We know the initial velocity (\(u\)) is 70 km/h. We need to convert it to meters per second (m/s).
\(u = 70 \, \text{km/h} = \frac{{70 \times 1000}}{{3600}} \, \text{m/s} \approx 19.44 \, \text{m/s}\)
The displacement (\(S\)) is given as 125 m.
Now, rearranging the equation to solve for acceleration (\(a\)) before substituting the known values:
\(v^2 = u^2 + 2aS \)
\(0^2 = (19.44)^2 + 2a(125) \)
\(0 = 378.13 + 250a \)
\(-378.13 = 250a \)
\(a = \frac{{-378.13}}{{250}} \approx -1.51 \, \text{m/s}^2\)

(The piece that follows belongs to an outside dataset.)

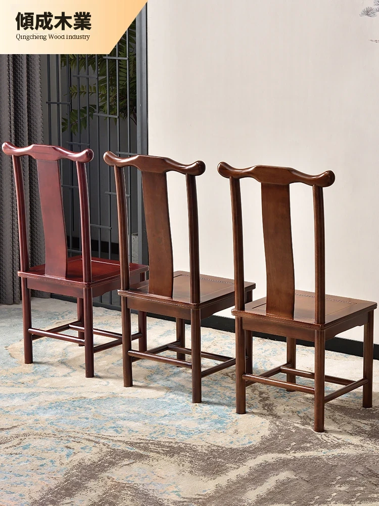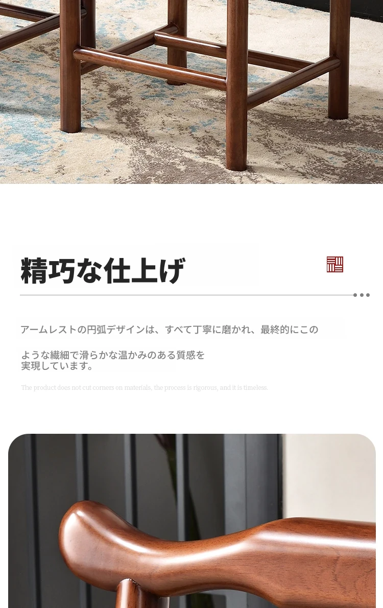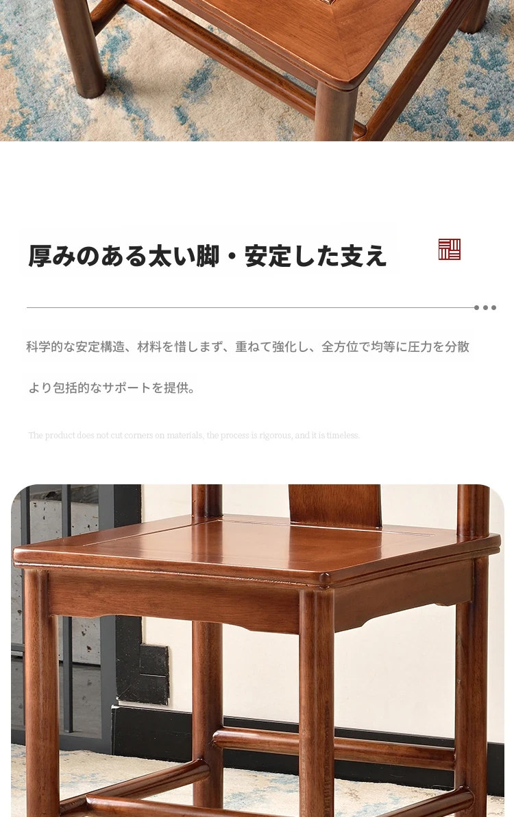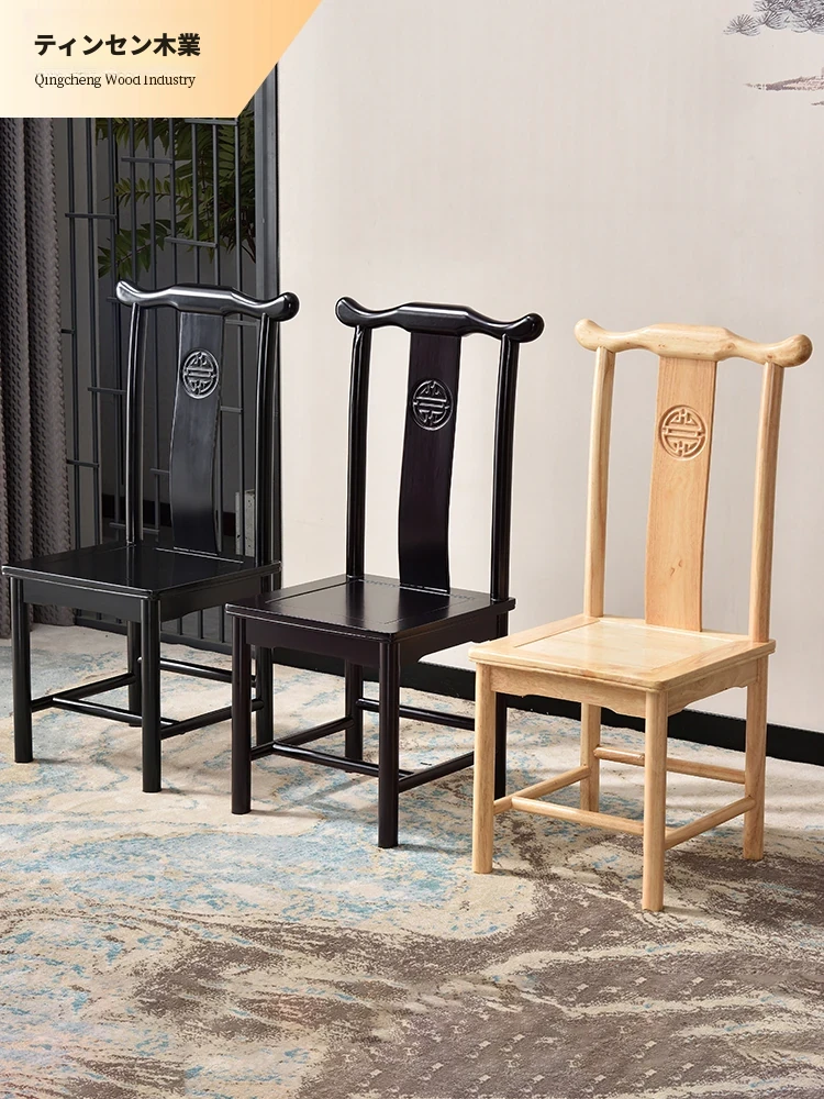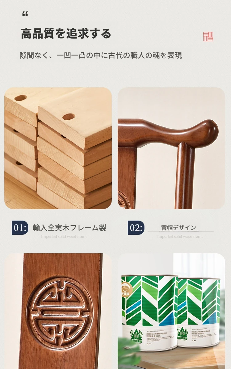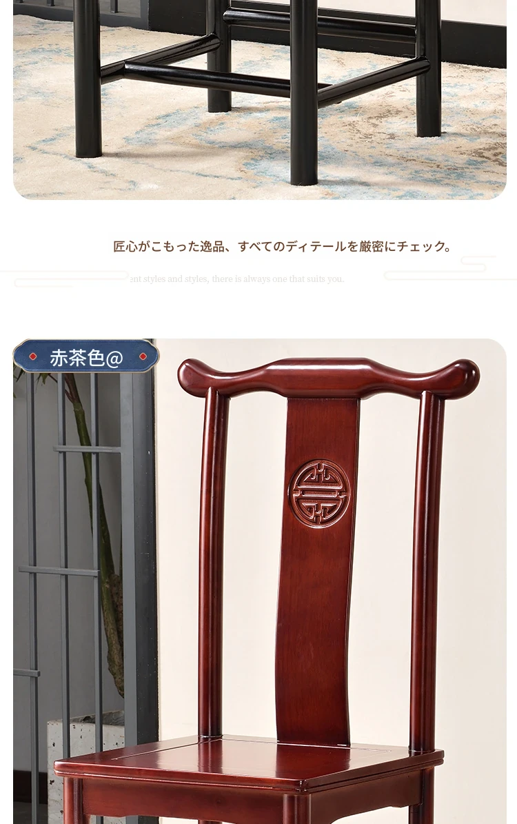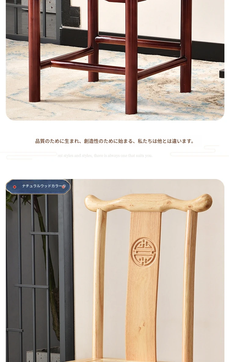 新中式デザインの実木製ダイニングチェア|快適な背もたれ付きの牛角椅子|ホテルやレストランにも最適|家庭用にもぴったりなリラックスチェア|高級感あふれる官帽椅子で特別なひとときを!

Now, we can use the equation \(v = u + at\) to find the time (\(t\)) it takes for the car to decelerate to a stop. Again, we can substitute the known values:
\(v = u + at \)
\(0 = 19.44 + (-1.51)t \)
\(1.51t = 19.44 \)
\(t = \frac{{19.44}}{{1.51}} \approx 12.88 \, \text{s}\)
Therefore, it will take approximately 12.88 seconds for the car to accelerate uniformly to a stop in exactly 125 m.